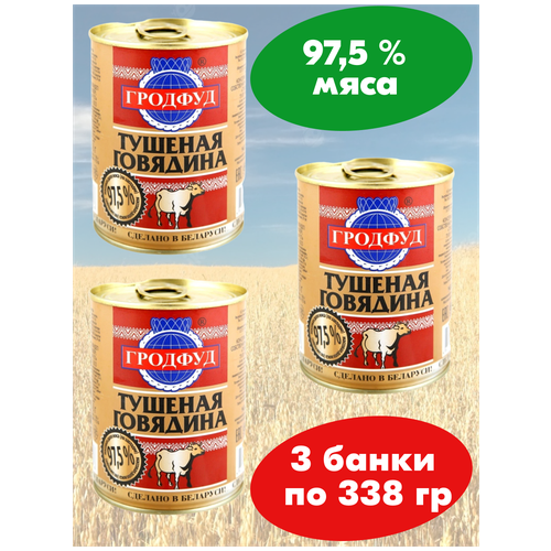 Говядина тушеная, Гродфуд, 3 шт. по 338 г
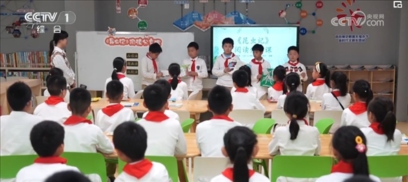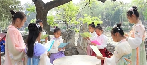 在江西南昌、河北保定,小學(xué)生們踴躍分享讀書心得。大家還走出教室,來到林蔭下、池塘邊,沉浸式誦讀經(jīng)典古詩詞。
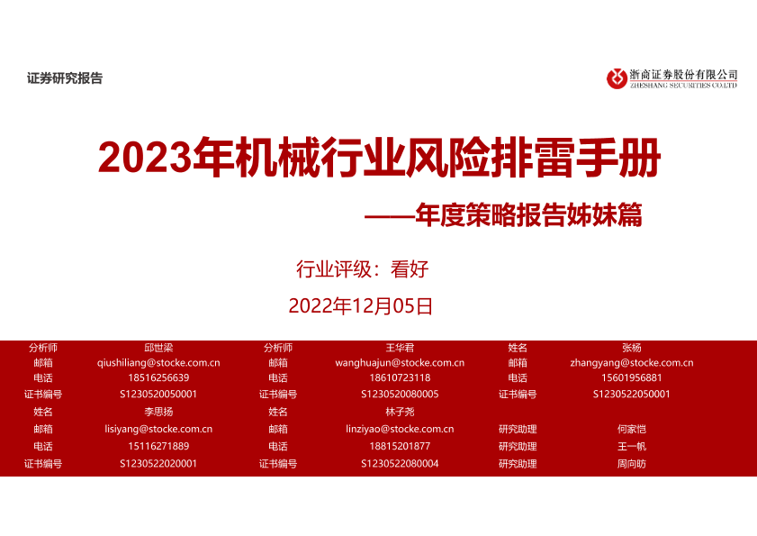 【浙商证券】【20221205】2023年机械行业风险排雷手册-40页
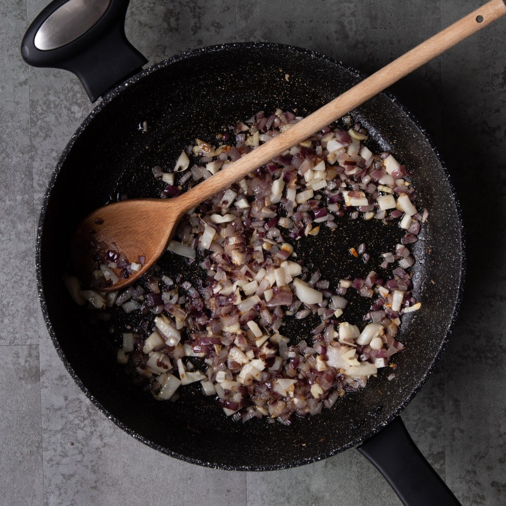 2. Meanwhile, in a large pan melt a knob of butter on a medium heat and add the onions and garlic to soften down for a few minutes. I also added any remains from the cauliflower stem to avoid any waste by simply chopping it up.
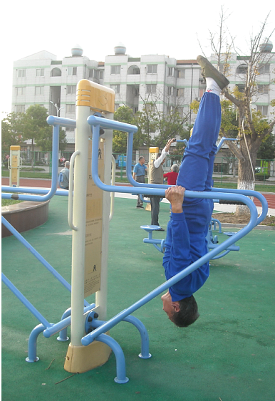 在淮海农场职工休闲体育运动广场的健身器材上,一位头发花白的老人双手拉着双杠,头朝下腿朝上,双腿缓慢上抬,直到伸直为止,一个固定的动作能撑上几分钟。该老人名叫周少彪,今年88岁,他是江苏射阳县淮海农场社区城南居委会的居民,这是笔者看到的情景。不仅如此,已经88岁高龄的他,还就地撑上十几个仰卧撑、在塑胶跑道上进行双腿交叉跑等高难度动作,其身体的柔软程度令人惊叹。
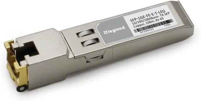 Legrands SFP-1GE-FE-E-T-LEG, Copper Small Form Pluggable (SFP) transceiver is a high performance, cost effective module compliant with the Gigabit Ethernet and 1000- BASE-T standards as specified in IEEE 802. 3-2002 and IEEE 802.3ab, which supporting 1000Mbps data- rate up to 100 meters reach over unshielded twisted-pair CAT 5 cable. The module supports 1000 Mbps (or 10/100/1000Mbps) full duplex data-links with 5-level Pulse Amplitude Modulation (PAM) signals. All four pairs in the cable are used with symbol rate at 250Mbps on each pair. The module provides standard serial ID information compliant with SFP MSA, which can be accessed with address of A0h via the 2wire serial CMOS EEPROM protocol. The physical IC can also be accessed via 2wire serial bus at address ACh.
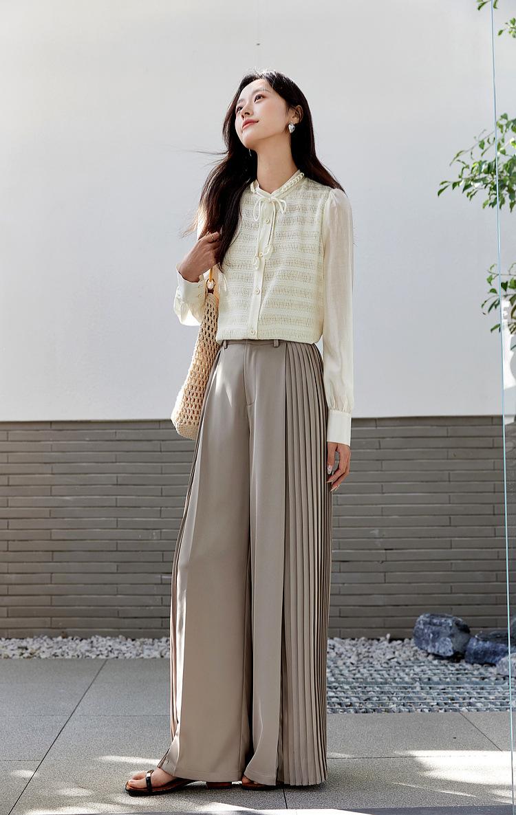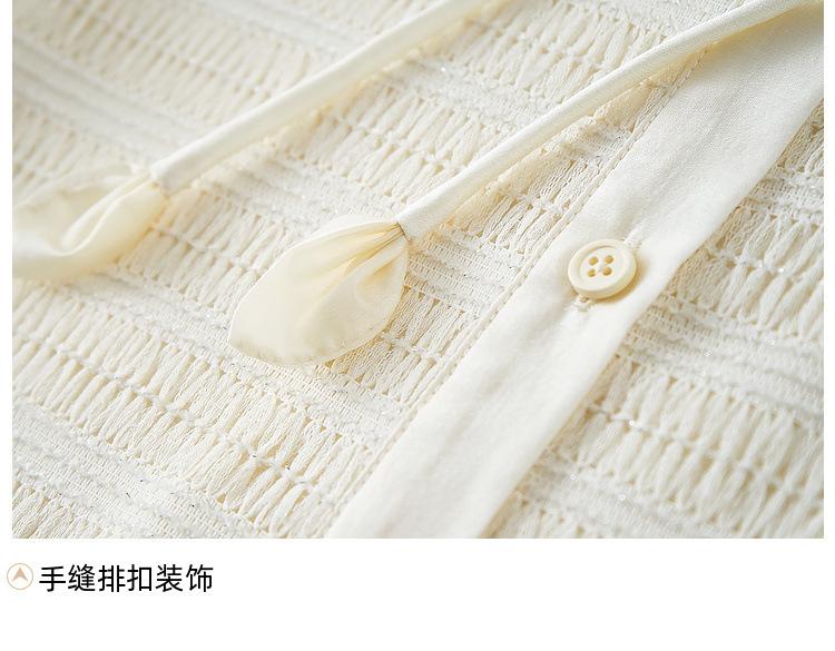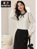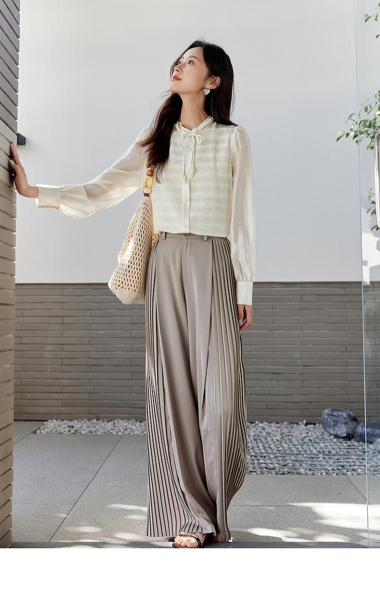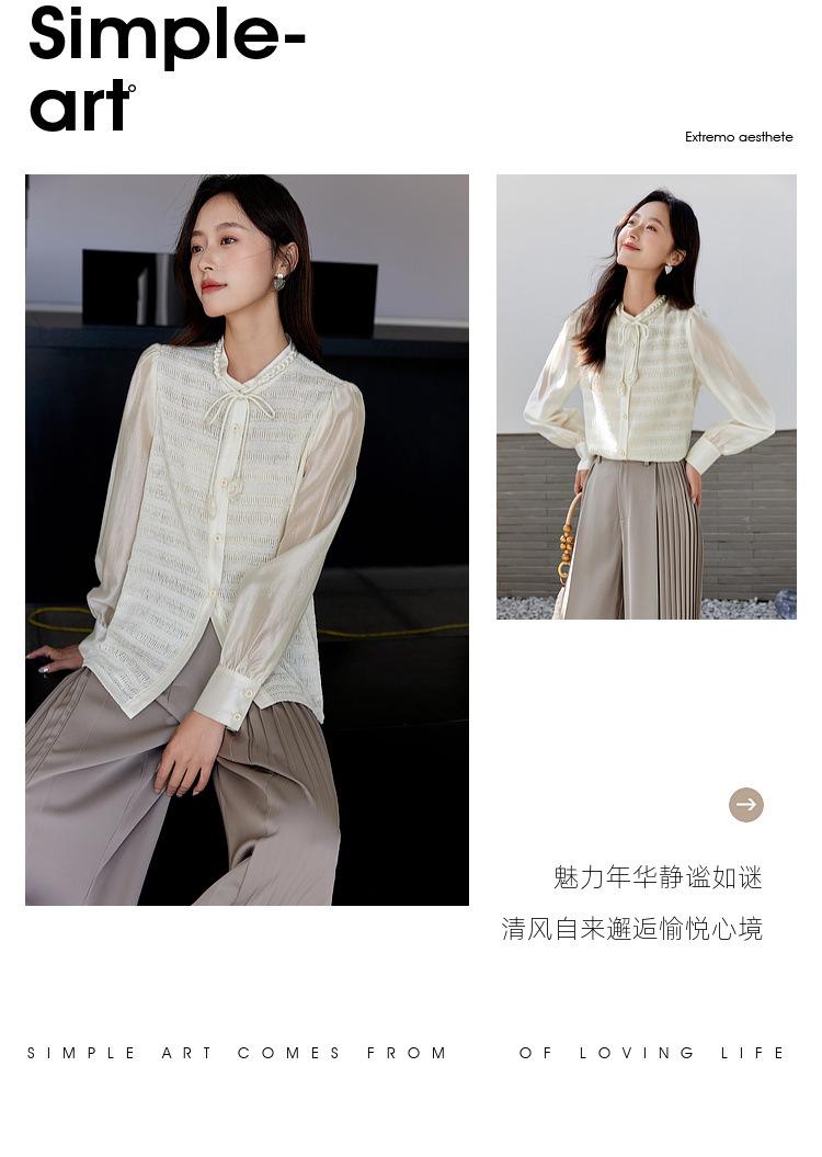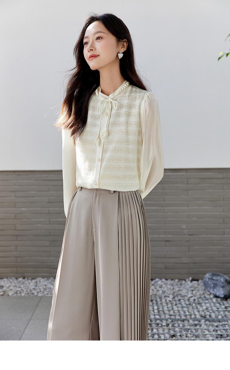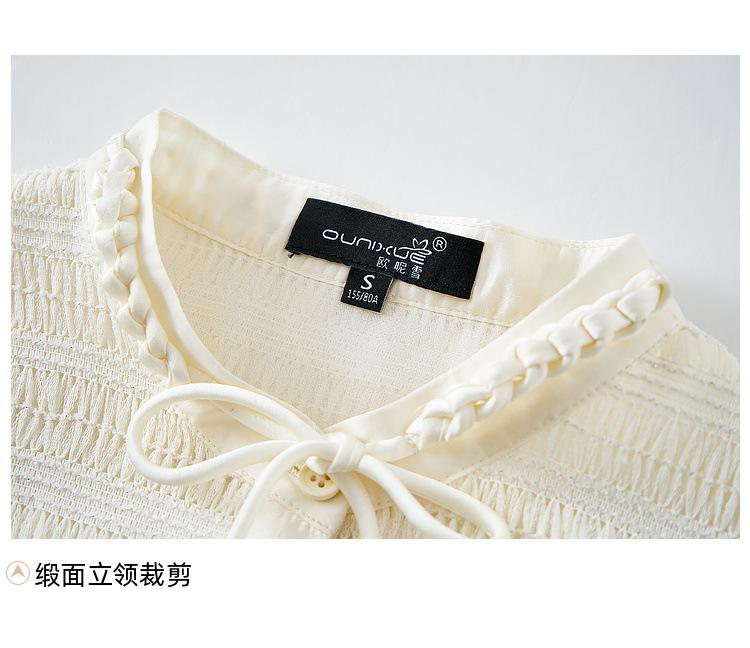 Zhen Xi - Camisa de manga larga con cuello alto y encaje calado para mujer, estilo informal, SQ592
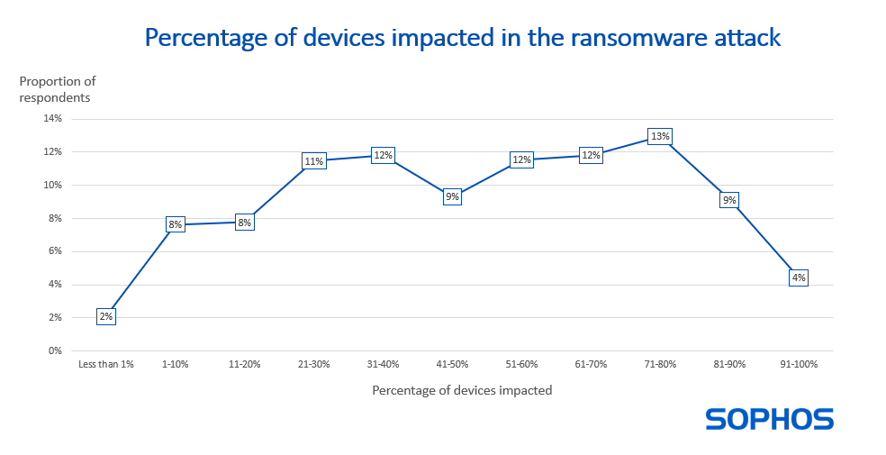 On average, just under half (49%) of an organization’s computers are impacted by a ransomware attack. Having your full environment encrypted is extremely rare, with only 4% of organizations reporting that 91% or more of their devices were impacted.
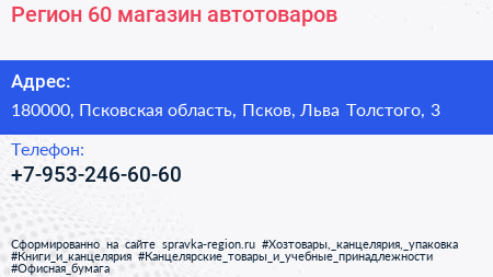 Регион 60, магазин автотоваров по адресу 180000, Псковская область, Псков, Льва Толстого, 3 в дальнейшем Организация, размещена в следующих категориях:
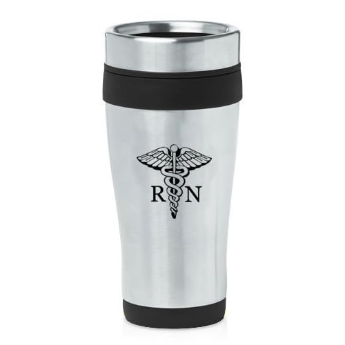 Black 16oz Insulated Stainless Steel Travel Mug Z650 Medical Symbol RN Registered Nurse is best for youBlack 16oz Insulated Stainless Steel Travel Mug Z650 Medical Symbol RN Registered Nurse
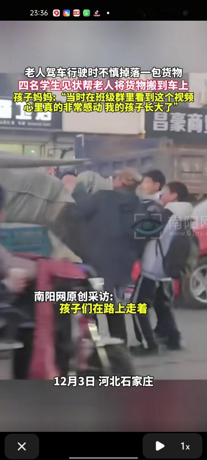 12月3日,石家庄市平山县。老人驾车行驶时不慎掉落一包货,四位学生见状帮老人把货物搬到车上,之后他们开心地离开了。孩子妈妈称,当时正好有人拍到并发到班级群里,在班级群里看到这个视频,心里真的非常感动,我的孩子长大了。
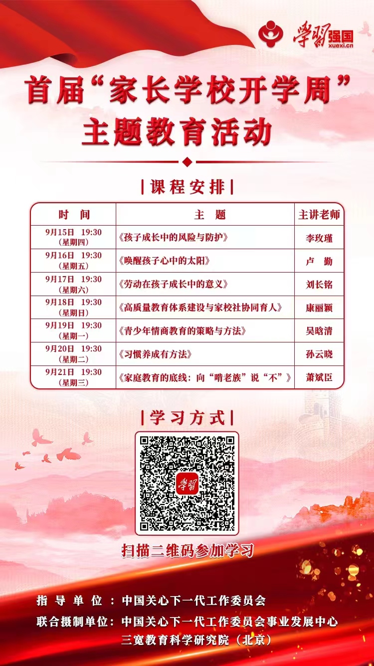 从9月15日至21日,每晚19:30。每天一位著名家庭教育专家为家长朋友们带来一场精彩的家庭教育公益讲座。
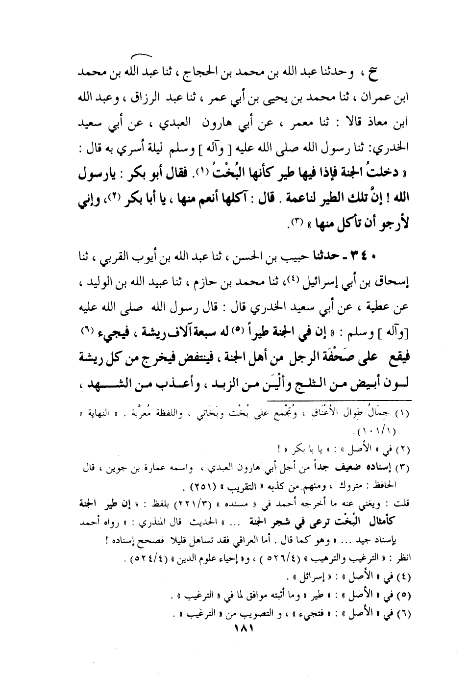 340 - حَدَّثَنَا حَبِيبُ بْنُ الْحَسَنِ، ثنا عَبْدُ اللَّهِ بْنُ أَيُّوبَ الْقِرَبِيُّ، ثنا إِسْحَاقُ بْنُ أَبِي إِسْرَائِيلَ، ثنا مُحَمَّدُ بْنُ خَازِمٍ، ثنا عُبَيْدُ اللَّهِ بْنُ الْوَلِيدِ، عَنْ عَطِيَّةَ , عَنْ أَبِي سَعِيدٍ الْخُدْرِيِّ، قَالَ: قَالَ رَسُولُ اللَّهِ صَلَّى اللَّهُ عَلَيْهِ وَآلِهِ وَسَلَّمَ: إِنَّ §فِي الْجَنَّةِ طَيْرًا لَهُ سَبْعَةُ أَلْفِ رِيشَةٍ، فَيَجِيءُ فَيَقَعُ عَلَى صَحْفَةِ الرَّجُلِ مِنْ أَهْلِ الْجَنَّةِ، فَيَنْتَفِضُ فَيَخْرُجُ مِنْ كُلِّ رِيشَةٍ لَوْنٌ أَبْيَضُ مِنَ الثَّلْجِ وَأَلْيَنُ مِنَ الزَّبَدِ، وَأَعْذَبُ مِنَ الشَّهْدِ، -[182]- لَيْسَ فِيهِ لَوْنٌ يُشْبِهُ صَاحِبَهُ
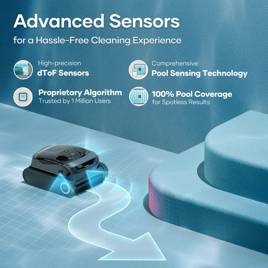 Adaptive Path intelligently adjusts to bowl-shaped, diamond-shaped, and other complex pool floors, preventing missed spots and repetitive loops. This ensures complete, efficient cleaning even in uniquely designed or irregular pools.
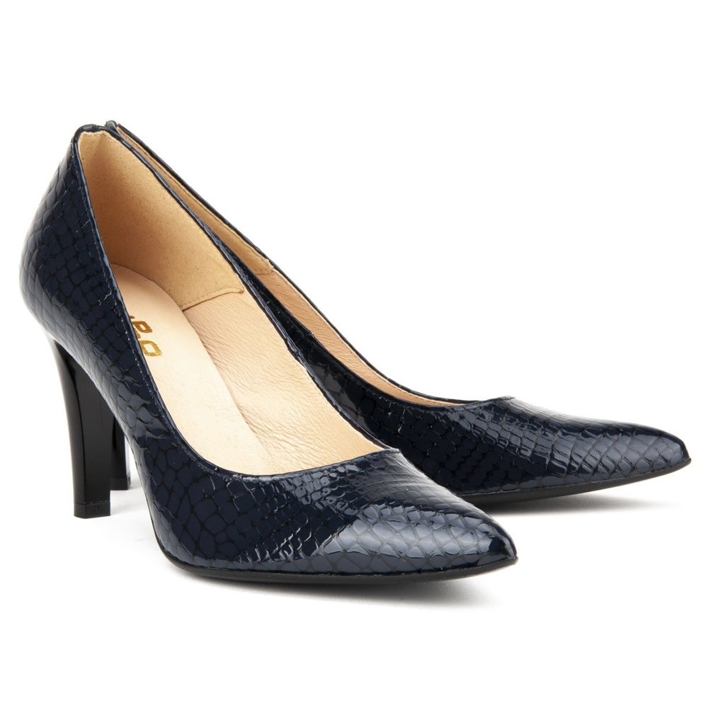 Le modèle F155 Navy Crocodile de la collection KeeShoes est parfait pour les occasions élégantes, et son design classique lui permet de s'adapter à de nombreux styles, des robes aux pantalons. Grâce à la semelle synthétique, les escarpins sont légers et flexibles, ce qui assure la stabilité à chaque pas.
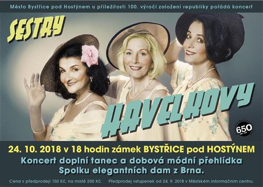 Město Bystřice pod Hostýnem pořádá u příležitosti 100. výročí založení republiky hudební vystoupení Sester Havelkových. Koncert se uskuteční ve středu 24. října v 18 hodin na bystřickém zámku a Sestry Havelkovy doprovodí hudba je…
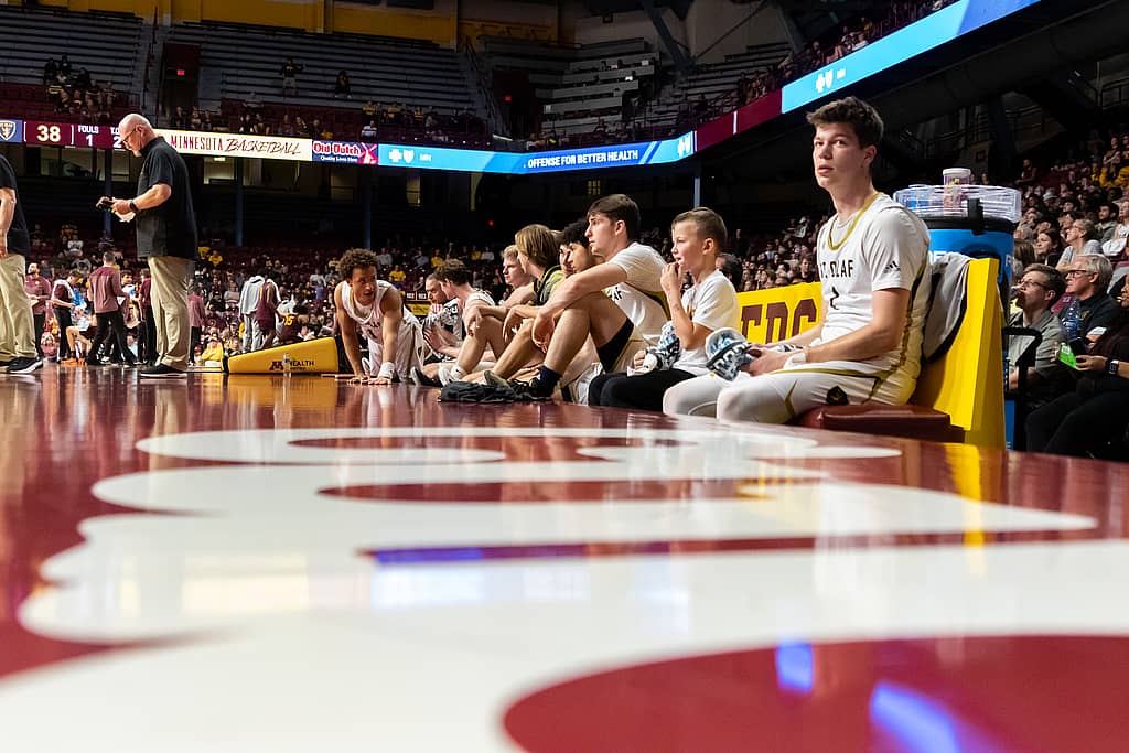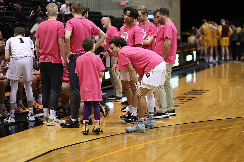 The team played with Torin “in the way you would play with a little brother,” Catherine said. From afar, Catherine watched the players interact with her son. “The team treating him like he’s not breakable when everybody else was so cautious with him let him figure out who he is again. It gave him the confidence to know that his presence was going to be welcomed and not be questioned,” she recalled. “The way Addi, from day one, has always ruffled Torin’s hair every time he passes him. The expanding of team huddles to make sure there’s a place for him. The widening of timeout circles to make sure he’s not behind their backs. Teammates subbing out and going all the way down to the end of the bench when they come off the floor to include him in their high fives. The players knowing his favorite flavor of Quench gum and bringing him a piece from the trainer’s table when they get up to get their own. It’s all the small actions that show Torin that he matters to them and he’s a part of their community. They have taught him what it is to feel a part of a team.”

════

• What you have to do
Transcribe, exactly and without pictures, everything in the data from the line with "Zhen Xi - Camisa" down to the line with "Registered Nurse is", both included.

• Answer to this task
 Zhen Xi - Camisa de manga larga con cuello alto y encaje calado para mujer, estilo informal, SQ592
 On average, just under half (49%) of an organization’s computers are impacted by a ransomware attack. Having your full environment encrypted is extremely rare, with only 4% of organizations reporting that 91% or more of their devices were impacted.
 Регион 60, магазин автотоваров по адресу 180000, Псковская область, Псков, Льва Толстого, 3 в дальнейшем Организация, размещена в следующих категориях:
 Black 16oz Insulated Stainless Steel Travel Mug Z650 Medical Symbol RN Registered Nurse is best for youBlack 16oz Insulated Stainless Steel Travel Mug Z650 Medical Symbol RN Registered Nurse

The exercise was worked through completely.